__EXERCISE PROMPT__.
Note each line in the data holding the string "extraordinaria" and report it.
START MATERIAL FOR THIS EXERCISE
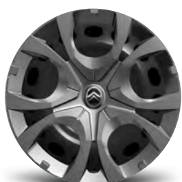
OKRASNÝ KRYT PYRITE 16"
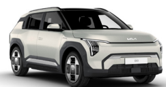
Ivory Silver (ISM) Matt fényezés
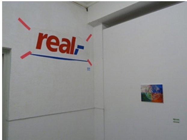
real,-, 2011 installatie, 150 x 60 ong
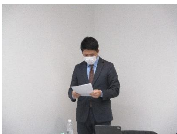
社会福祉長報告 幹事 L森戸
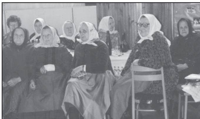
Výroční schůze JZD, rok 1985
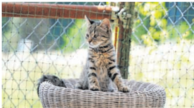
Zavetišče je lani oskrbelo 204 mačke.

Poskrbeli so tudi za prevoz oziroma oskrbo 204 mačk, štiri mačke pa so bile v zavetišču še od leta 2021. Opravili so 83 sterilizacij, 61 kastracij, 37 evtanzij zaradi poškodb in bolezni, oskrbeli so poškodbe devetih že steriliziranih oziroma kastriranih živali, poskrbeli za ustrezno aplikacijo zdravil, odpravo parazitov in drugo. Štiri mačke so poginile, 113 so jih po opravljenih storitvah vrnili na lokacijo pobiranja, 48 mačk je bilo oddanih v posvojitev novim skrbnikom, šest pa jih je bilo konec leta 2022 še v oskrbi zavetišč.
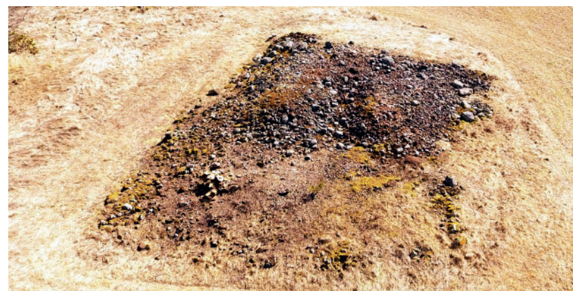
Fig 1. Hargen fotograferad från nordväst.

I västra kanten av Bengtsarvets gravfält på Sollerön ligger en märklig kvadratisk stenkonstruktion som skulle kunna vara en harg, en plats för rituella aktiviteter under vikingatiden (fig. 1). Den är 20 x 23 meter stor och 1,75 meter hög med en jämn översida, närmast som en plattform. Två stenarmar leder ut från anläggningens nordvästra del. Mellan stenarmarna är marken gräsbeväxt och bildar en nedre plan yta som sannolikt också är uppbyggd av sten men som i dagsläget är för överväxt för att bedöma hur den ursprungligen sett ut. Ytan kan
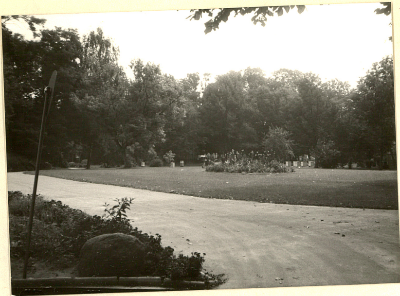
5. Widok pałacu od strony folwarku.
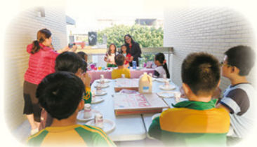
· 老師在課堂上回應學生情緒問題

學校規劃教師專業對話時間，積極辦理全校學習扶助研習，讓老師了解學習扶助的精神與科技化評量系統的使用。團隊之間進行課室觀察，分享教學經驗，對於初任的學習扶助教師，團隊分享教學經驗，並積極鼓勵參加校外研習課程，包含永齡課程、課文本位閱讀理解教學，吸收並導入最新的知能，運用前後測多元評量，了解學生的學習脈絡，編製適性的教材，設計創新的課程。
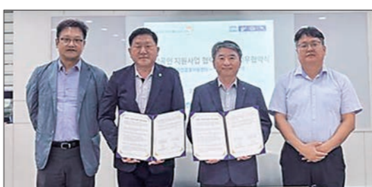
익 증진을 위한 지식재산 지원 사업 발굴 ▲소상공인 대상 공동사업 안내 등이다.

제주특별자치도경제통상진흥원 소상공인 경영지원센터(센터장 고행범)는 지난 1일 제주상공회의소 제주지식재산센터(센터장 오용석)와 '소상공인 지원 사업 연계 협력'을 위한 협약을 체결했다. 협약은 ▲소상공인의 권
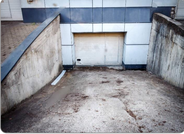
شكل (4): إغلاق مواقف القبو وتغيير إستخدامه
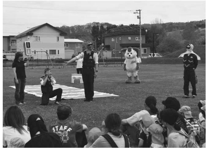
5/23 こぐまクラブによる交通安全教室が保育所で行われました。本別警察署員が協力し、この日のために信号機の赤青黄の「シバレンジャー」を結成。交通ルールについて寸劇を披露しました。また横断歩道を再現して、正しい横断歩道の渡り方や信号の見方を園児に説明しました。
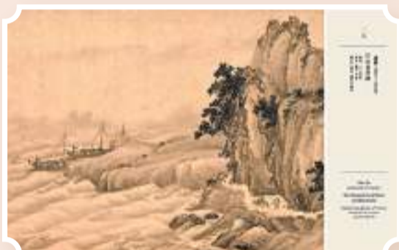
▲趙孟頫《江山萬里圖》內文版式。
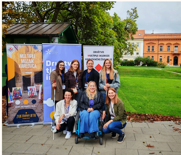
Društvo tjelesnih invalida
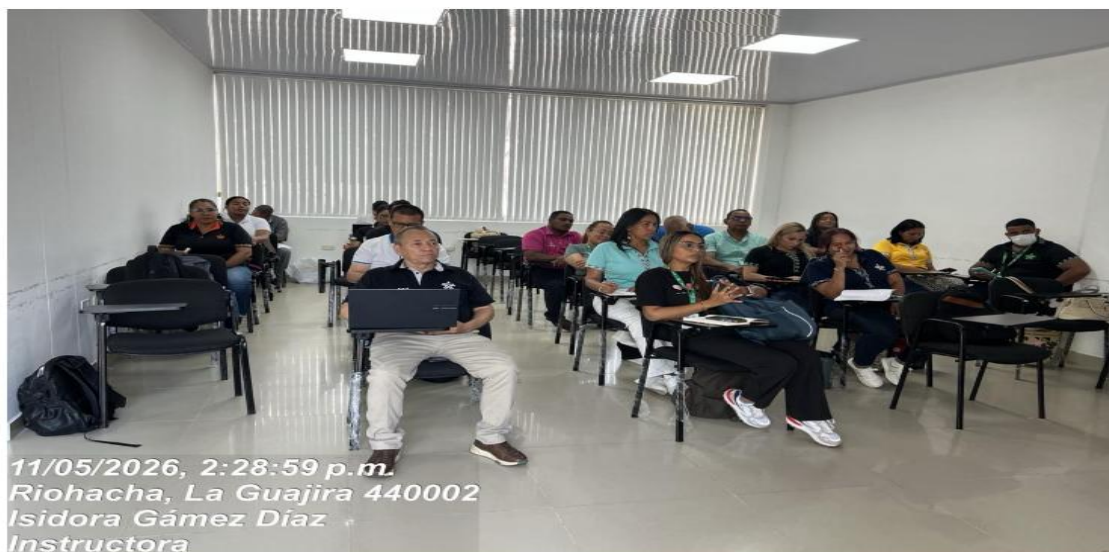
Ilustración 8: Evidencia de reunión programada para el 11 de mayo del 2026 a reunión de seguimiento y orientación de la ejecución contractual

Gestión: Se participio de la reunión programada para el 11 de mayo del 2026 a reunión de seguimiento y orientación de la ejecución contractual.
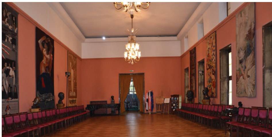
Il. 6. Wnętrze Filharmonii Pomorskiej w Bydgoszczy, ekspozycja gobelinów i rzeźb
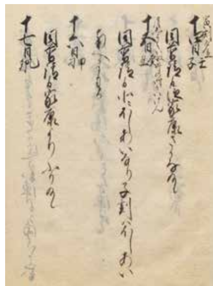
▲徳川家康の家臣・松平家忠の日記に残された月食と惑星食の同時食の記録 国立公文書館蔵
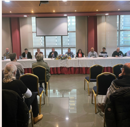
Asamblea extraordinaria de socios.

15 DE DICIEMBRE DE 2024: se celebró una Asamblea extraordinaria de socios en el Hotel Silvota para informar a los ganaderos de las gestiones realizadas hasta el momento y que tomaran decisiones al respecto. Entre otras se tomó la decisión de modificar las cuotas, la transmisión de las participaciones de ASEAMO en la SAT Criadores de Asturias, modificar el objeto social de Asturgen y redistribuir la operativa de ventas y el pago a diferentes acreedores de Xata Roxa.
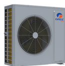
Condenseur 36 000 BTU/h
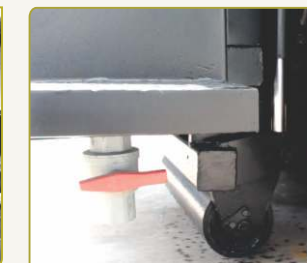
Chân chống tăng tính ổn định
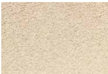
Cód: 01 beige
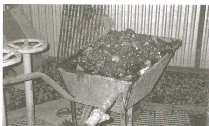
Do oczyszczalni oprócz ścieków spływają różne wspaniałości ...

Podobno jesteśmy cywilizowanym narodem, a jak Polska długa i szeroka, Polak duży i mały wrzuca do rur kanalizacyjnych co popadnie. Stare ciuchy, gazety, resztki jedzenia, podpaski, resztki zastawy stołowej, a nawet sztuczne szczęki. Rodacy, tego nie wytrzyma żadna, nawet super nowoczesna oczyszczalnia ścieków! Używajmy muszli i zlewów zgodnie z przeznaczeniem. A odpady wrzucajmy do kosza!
END MATERIAL FOR THIS EXERCISE
__SOLUTION TO THE EXERCISE__.
Asamblea extraordinaria de socios.
15 DE DICIEMBRE DE 2024: se celebró una Asamblea extraordinaria de socios en el Hotel Silvota para informar a los ganaderos de las gestiones realizadas hasta el momento y que tomaran decisiones al respecto. Entre otras se tomó la decisión de modificar las cuotas, la transmisión de las participaciones de ASEAMO en la SAT Criadores de Asturias, modificar el objeto social de Asturgen y redistribuir la operativa de ventas y el pago a diferentes acreedores de Xata Roxa.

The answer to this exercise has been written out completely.